Modi meditates as India mega polls near end

ASEAN+ May 18, 2019 14:18

By Agence France-Presse
New Delhi

Prime Minister Narendra Modi embarked on a spiritual break Saturday as India’s acrimonious marathon election wound to a close after almost seven weeks awash with insults, violence and fake news.

On the eve of the seventh and final day of voting in the world’s biggest democratic exercise, local media reports said Modi, 68, would also spend some time in a “mediation cave”.

Having addressed more than 140 election rallies across the country, Modi arrived on Saturday in Dehradun, the capital of the Himalayan state of Uttarakhand famous for its Hindu pilgrimage sites.

Modi’s hectic campaign which started in March has seen him address three rallies a day on average, criss-crossing the length and breadth of the geographically diverse nation of 1.3 billion people.

From Dehradun, the Hindu nationalist premier travelled to Kedarnath and was due to go on to Badrinath to pay his respects at shrines dedicated to the Hindu deity Lord Shiva.
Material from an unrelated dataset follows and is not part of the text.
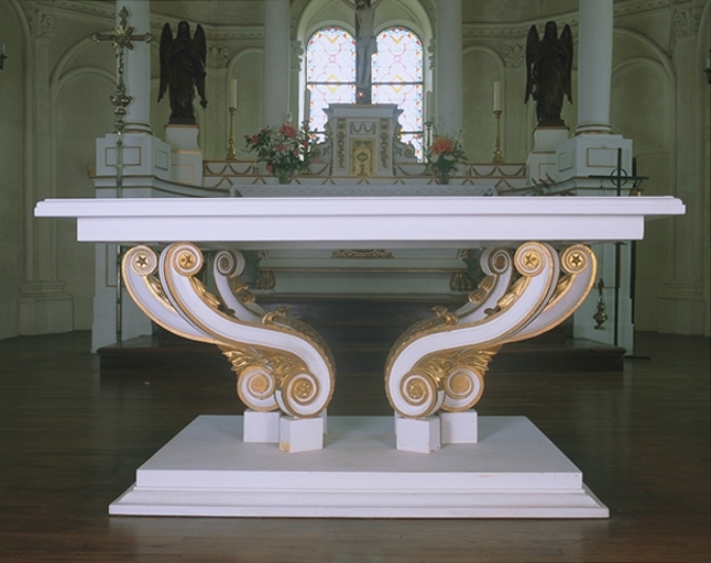 Ensemble de mobilier : 3 stalles, crédence, chaire à prêcher, autel,

But it was not all relaxation, with the premier also expected to review reconstruction projects after floods in Uttarakhand in 2013 killed some 6,000 people.

Modi is seeking a second term from India’s 900 million voters after leading his right-wing Bharatiya Janata Party (BJP) to power in 2014, with results due on May 23.
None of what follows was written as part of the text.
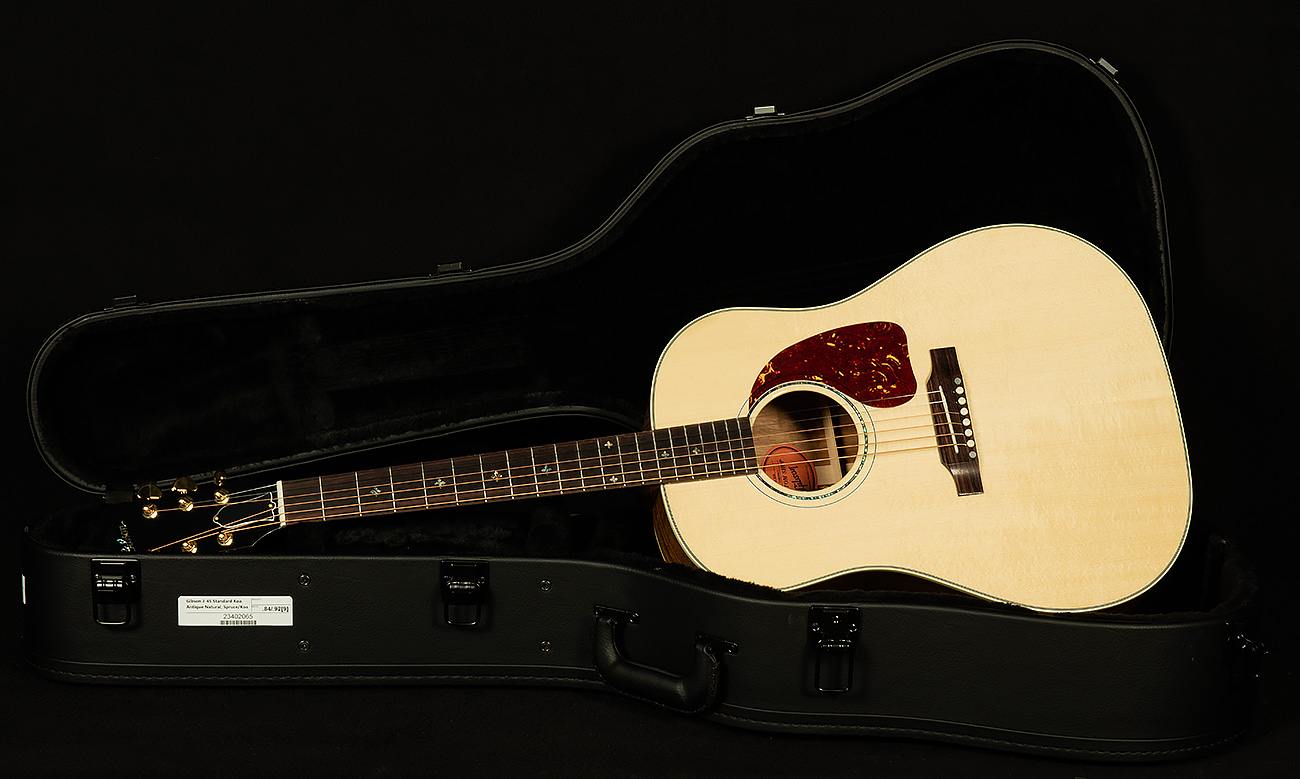 Speaking of resonance, the J-45 Standard sports a nitrocellulose lacquer finish that allows the wood to breathe like a vintage instrument. As a result, these J-45 Standard Koas sing out loud and proud!

Opinion polls, although unreliable, predict that the BJP may lose seats this time despite its formidable campaigning machine, meaning it might need a coalition to form a new government.

His main rival is Rahul Gandhi, 48, of the Congress party, the scion of India’s famed Nehru-Gandhi dynasty.

The rival parties have thrown almost daily barbs at each other, accusing each other of corruption, nepotism and fake nationalism.

As in previous elections, the polling has been marked by violence, most recently in West Bengal state where tens of thousands of security forces have been deployed following street clashes between BJP and rival supporters of the regional Trinamool Congress party.

The gargantuan election has also seen a flood of “fake news”, including photoshopped images and edited video clips, with both main parties using legions of people to manage social media.

“The likelihood that the ruling Bharatiya Janata Party wins a majority by itself is falling (10%, from 15% previously),” Eurasia Group, a political risk consultancy, said Friday in a report.